(Collected data)
============

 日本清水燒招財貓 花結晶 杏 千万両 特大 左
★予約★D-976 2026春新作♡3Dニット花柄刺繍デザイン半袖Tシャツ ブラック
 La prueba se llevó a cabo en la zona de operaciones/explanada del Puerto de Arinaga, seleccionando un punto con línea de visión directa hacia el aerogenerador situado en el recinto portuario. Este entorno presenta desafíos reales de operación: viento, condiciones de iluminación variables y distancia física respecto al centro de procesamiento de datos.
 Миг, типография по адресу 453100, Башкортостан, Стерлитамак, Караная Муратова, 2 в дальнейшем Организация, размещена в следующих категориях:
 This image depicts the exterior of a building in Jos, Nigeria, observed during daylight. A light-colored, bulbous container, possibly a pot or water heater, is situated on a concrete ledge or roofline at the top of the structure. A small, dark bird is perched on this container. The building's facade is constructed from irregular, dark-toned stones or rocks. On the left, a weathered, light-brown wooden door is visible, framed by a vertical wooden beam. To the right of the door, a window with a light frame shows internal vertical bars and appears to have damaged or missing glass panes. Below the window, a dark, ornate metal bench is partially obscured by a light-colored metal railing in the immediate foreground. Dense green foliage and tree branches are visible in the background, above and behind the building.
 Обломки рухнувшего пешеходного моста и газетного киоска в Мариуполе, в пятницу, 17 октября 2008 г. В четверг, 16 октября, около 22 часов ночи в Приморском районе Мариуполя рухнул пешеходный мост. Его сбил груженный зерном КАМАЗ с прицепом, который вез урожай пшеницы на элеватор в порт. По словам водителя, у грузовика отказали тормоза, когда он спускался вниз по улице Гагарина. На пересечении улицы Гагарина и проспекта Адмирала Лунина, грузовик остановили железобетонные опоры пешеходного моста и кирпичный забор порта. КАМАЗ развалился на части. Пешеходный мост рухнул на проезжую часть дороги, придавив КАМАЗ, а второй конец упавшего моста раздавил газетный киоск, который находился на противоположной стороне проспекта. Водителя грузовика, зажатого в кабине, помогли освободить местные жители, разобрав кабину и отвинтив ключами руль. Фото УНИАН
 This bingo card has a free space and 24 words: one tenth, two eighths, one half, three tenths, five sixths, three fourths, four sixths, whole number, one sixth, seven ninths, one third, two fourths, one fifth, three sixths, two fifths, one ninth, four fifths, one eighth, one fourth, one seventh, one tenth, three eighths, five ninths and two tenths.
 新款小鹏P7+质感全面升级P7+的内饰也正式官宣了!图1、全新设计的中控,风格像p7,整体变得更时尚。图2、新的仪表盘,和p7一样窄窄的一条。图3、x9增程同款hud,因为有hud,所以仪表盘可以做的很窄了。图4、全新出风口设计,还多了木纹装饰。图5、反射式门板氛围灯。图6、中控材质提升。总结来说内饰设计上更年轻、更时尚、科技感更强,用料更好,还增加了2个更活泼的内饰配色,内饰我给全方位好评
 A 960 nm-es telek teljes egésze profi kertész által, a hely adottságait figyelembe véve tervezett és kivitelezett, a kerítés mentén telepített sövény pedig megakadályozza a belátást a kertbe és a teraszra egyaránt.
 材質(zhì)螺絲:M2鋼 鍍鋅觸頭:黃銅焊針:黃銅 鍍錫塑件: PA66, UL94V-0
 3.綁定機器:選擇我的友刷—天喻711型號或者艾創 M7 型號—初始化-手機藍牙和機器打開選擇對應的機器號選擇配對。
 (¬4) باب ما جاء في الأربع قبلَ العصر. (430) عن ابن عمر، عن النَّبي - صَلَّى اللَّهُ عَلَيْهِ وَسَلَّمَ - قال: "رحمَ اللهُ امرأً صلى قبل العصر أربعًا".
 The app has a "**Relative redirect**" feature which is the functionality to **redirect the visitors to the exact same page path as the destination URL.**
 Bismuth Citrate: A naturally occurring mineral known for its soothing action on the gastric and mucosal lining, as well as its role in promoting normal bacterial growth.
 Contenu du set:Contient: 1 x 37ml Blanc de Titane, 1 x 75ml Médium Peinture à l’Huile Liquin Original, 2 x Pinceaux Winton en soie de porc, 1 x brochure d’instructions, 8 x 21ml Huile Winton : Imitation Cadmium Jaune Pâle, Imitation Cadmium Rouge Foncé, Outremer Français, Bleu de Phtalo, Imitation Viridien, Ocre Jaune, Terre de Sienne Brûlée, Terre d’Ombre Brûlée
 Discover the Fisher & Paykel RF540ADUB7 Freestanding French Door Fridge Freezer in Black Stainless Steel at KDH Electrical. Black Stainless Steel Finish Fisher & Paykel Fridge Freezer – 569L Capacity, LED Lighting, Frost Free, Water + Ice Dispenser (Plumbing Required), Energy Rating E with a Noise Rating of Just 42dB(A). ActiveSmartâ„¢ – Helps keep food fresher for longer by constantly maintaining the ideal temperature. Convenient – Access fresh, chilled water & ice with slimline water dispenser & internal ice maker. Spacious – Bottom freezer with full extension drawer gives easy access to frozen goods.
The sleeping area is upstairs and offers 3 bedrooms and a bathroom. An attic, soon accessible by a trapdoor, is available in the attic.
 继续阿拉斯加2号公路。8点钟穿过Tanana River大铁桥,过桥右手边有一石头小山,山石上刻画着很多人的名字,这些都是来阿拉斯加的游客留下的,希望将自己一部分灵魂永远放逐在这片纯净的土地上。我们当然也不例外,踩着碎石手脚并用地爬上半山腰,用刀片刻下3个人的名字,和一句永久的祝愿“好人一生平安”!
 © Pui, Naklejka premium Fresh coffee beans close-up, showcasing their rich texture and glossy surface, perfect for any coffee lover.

============

Set all the data down again, exactly as it reads above.

 日本清水燒招財貓 花結晶 杏 千万両 特大 左
★予約★D-976 2026春新作♡3Dニット花柄刺繍デザイン半袖Tシャツ ブラック
 La prueba se llevó a cabo en la zona de operaciones/explanada del Puerto de Arinaga, seleccionando un punto con línea de visión directa hacia el aerogenerador situado en el recinto portuario. Este entorno presenta desafíos reales de operación: viento, condiciones de iluminación variables y distancia física respecto al centro de procesamiento de datos.
 Миг, типография по адресу 453100, Башкортостан, Стерлитамак, Караная Муратова, 2 в дальнейшем Организация, размещена в следующих категориях:
 This image depicts the exterior of a building in Jos, Nigeria, observed during daylight. A light-colored, bulbous container, possibly a pot or water heater, is situated on a concrete ledge or roofline at the top of the structure. A small, dark bird is perched on this container. The building's facade is constructed from irregular, dark-toned stones or rocks. On the left, a weathered, light-brown wooden door is visible, framed by a vertical wooden beam. To the right of the door, a window with a light frame shows internal vertical bars and appears to have damaged or missing glass panes. Below the window, a dark, ornate metal bench is partially obscured by a light-colored metal railing in the immediate foreground. Dense green foliage and tree branches are visible in the background, above and behind the building.
 Обломки рухнувшего пешеходного моста и газетного киоска в Мариуполе, в пятницу, 17 октября 2008 г. В четверг, 16 октября, около 22 часов ночи в Приморском районе Мариуполя рухнул пешеходный мост. Его сбил груженный зерном КАМАЗ с прицепом, который вез урожай пшеницы на элеватор в порт. По словам водителя, у грузовика отказали тормоза, когда он спускался вниз по улице Гагарина. На пересечении улицы Гагарина и проспекта Адмирала Лунина, грузовик остановили железобетонные опоры пешеходного моста и кирпичный забор порта. КАМАЗ развалился на части. Пешеходный мост рухнул на проезжую часть дороги, придавив КАМАЗ, а второй конец упавшего моста раздавил газетный киоск, который находился на противоположной стороне проспекта. Водителя грузовика, зажатого в кабине, помогли освободить местные жители, разобрав кабину и отвинтив ключами руль. Фото УНИАН
 This bingo card has a free space and 24 words: one tenth, two eighths, one half, three tenths, five sixths, three fourths, four sixths, whole number, one sixth, seven ninths, one third, two fourths, one fifth, three sixths, two fifths, one ninth, four fifths, one eighth, one fourth, one seventh, one tenth, three eighths, five ninths and two tenths.
 新款小鹏P7+质感全面升级P7+的内饰也正式官宣了!图1、全新设计的中控,风格像p7,整体变得更时尚。图2、新的仪表盘,和p7一样窄窄的一条。图3、x9增程同款hud,因为有hud,所以仪表盘可以做的很窄了。图4、全新出风口设计,还多了木纹装饰。图5、反射式门板氛围灯。图6、中控材质提升。总结来说内饰设计上更年轻、更时尚、科技感更强,用料更好,还增加了2个更活泼的内饰配色,内饰我给全方位好评
 A 960 nm-es telek teljes egésze profi kertész által, a hely adottságait figyelembe véve tervezett és kivitelezett, a kerítés mentén telepített sövény pedig megakadályozza a belátást a kertbe és a teraszra egyaránt.
 材質(zhì)螺絲:M2鋼 鍍鋅觸頭:黃銅焊針:黃銅 鍍錫塑件: PA66, UL94V-0
 3.綁定機器:選擇我的友刷—天喻711型號或者艾創 M7 型號—初始化-手機藍牙和機器打開選擇對應的機器號選擇配對。
 (¬4) باب ما جاء في الأربع قبلَ العصر. (430) عن ابن عمر، عن النَّبي - صَلَّى اللَّهُ عَلَيْهِ وَسَلَّمَ - قال: "رحمَ اللهُ امرأً صلى قبل العصر أربعًا".
 The app has a "**Relative redirect**" feature which is the functionality to **redirect the visitors to the exact same page path as the destination URL.**
 Bismuth Citrate: A naturally occurring mineral known for its soothing action on the gastric and mucosal lining, as well as its role in promoting normal bacterial growth.
 Contenu du set:Contient: 1 x 37ml Blanc de Titane, 1 x 75ml Médium Peinture à l’Huile Liquin Original, 2 x Pinceaux Winton en soie de porc, 1 x brochure d’instructions, 8 x 21ml Huile Winton : Imitation Cadmium Jaune Pâle, Imitation Cadmium Rouge Foncé, Outremer Français, Bleu de Phtalo, Imitation Viridien, Ocre Jaune, Terre de Sienne Brûlée, Terre d’Ombre Brûlée
 Discover the Fisher & Paykel RF540ADUB7 Freestanding French Door Fridge Freezer in Black Stainless Steel at KDH Electrical. Black Stainless Steel Finish Fisher & Paykel Fridge Freezer – 569L Capacity, LED Lighting, Frost Free, Water + Ice Dispenser (Plumbing Required), Energy Rating E with a Noise Rating of Just 42dB(A). ActiveSmartâ„¢ – Helps keep food fresher for longer by constantly maintaining the ideal temperature. Convenient – Access fresh, chilled water & ice with slimline water dispenser & internal ice maker. Spacious – Bottom freezer with full extension drawer gives easy access to frozen goods.
The sleeping area is upstairs and offers 3 bedrooms and a bathroom. An attic, soon accessible by a trapdoor, is available in the attic.
 继续阿拉斯加2号公路。8点钟穿过Tanana River大铁桥,过桥右手边有一石头小山,山石上刻画着很多人的名字,这些都是来阿拉斯加的游客留下的,希望将自己一部分灵魂永远放逐在这片纯净的土地上。我们当然也不例外,踩着碎石手脚并用地爬上半山腰,用刀片刻下3个人的名字,和一句永久的祝愿“好人一生平安”!
 © Pui, Naklejka premium Fresh coffee beans close-up, showcasing their rich texture and glossy surface, perfect for any coffee lover.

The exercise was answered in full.